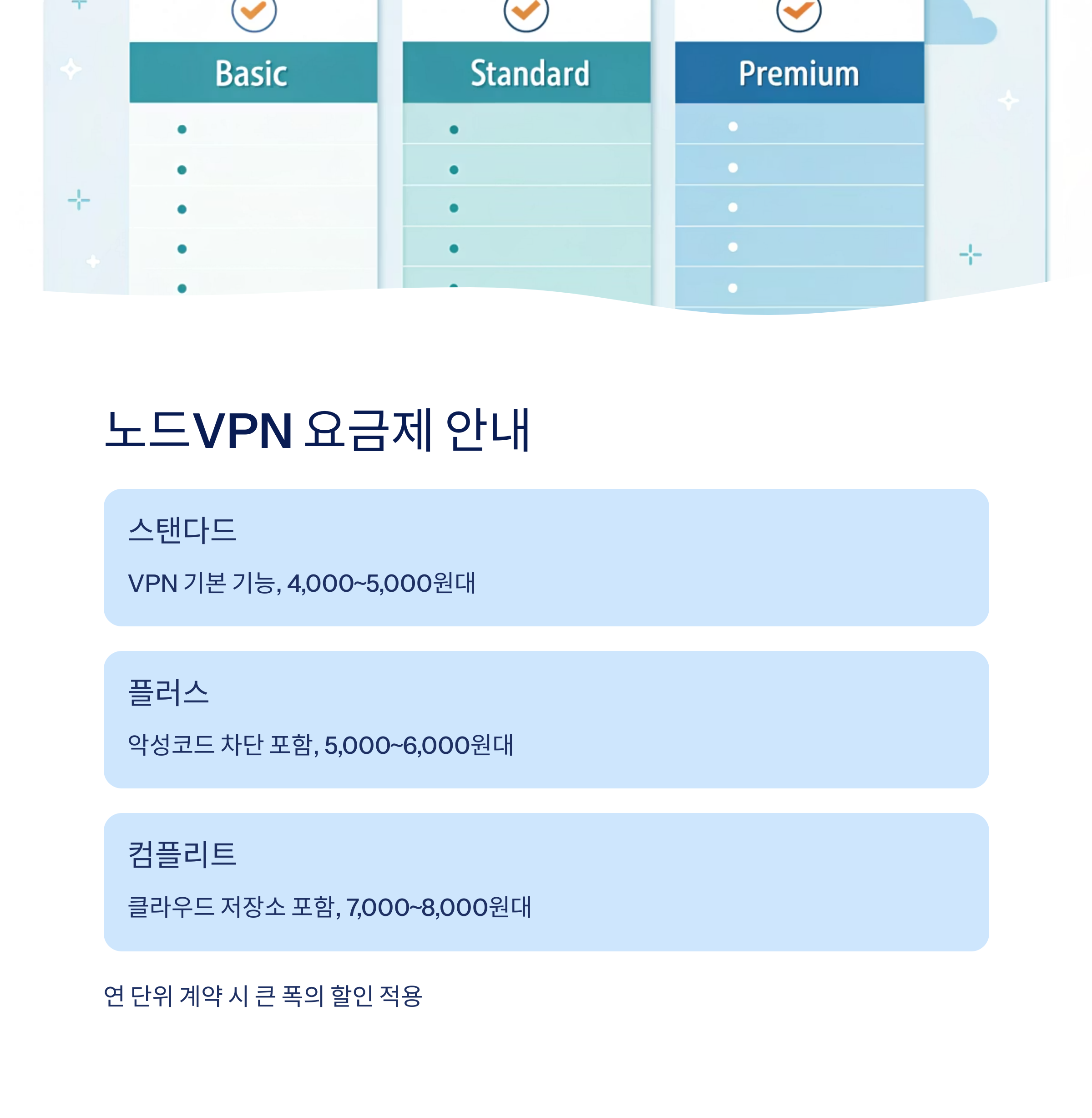 | 스탠다드 | VPN 기본 기능 제공 | 약 4,000~5,000원대 |
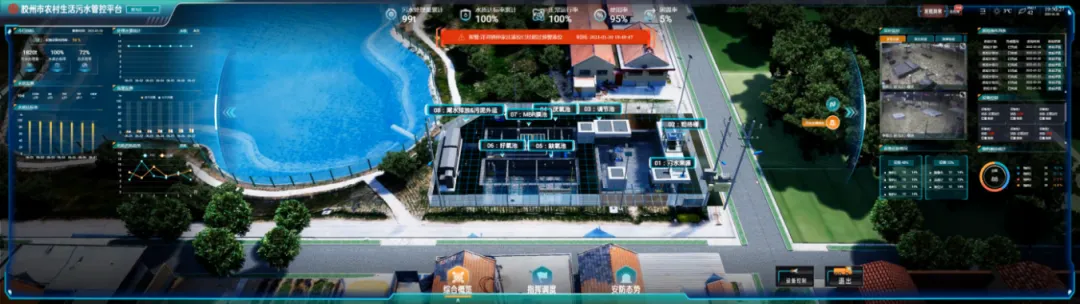 以CIM引擎作为时空基础底座实现数字孪生,承载胶州市农村生活污水治理全部静态、动态数据,提供综合概览、智能指挥调度、安防态势研判、数字化管理、智能化控制等,以业务需求为导向,实现监测、控制、管理、决策的智慧化。
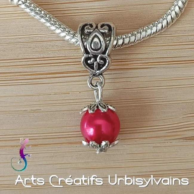Bélière en métal argenté ciselée et perle nacrée rouge pour bracelet ou collier européen

════════════════════

Exercise description
Exactly and only the lines from the one holding "以CIM引擎作为时空基础底座" through the final line of the material must be returned, both ends included, without any pictures.

Final answer
 以CIM引擎作为时空基础底座实现数字孪生,承载胶州市农村生活污水治理全部静态、动态数据,提供综合概览、智能指挥调度、安防态势研判、数字化管理、智能化控制等,以业务需求为导向,实现监测、控制、管理、决策的智慧化。
Bélière en métal argenté ciselée et perle nacrée rouge pour bracelet ou collier européen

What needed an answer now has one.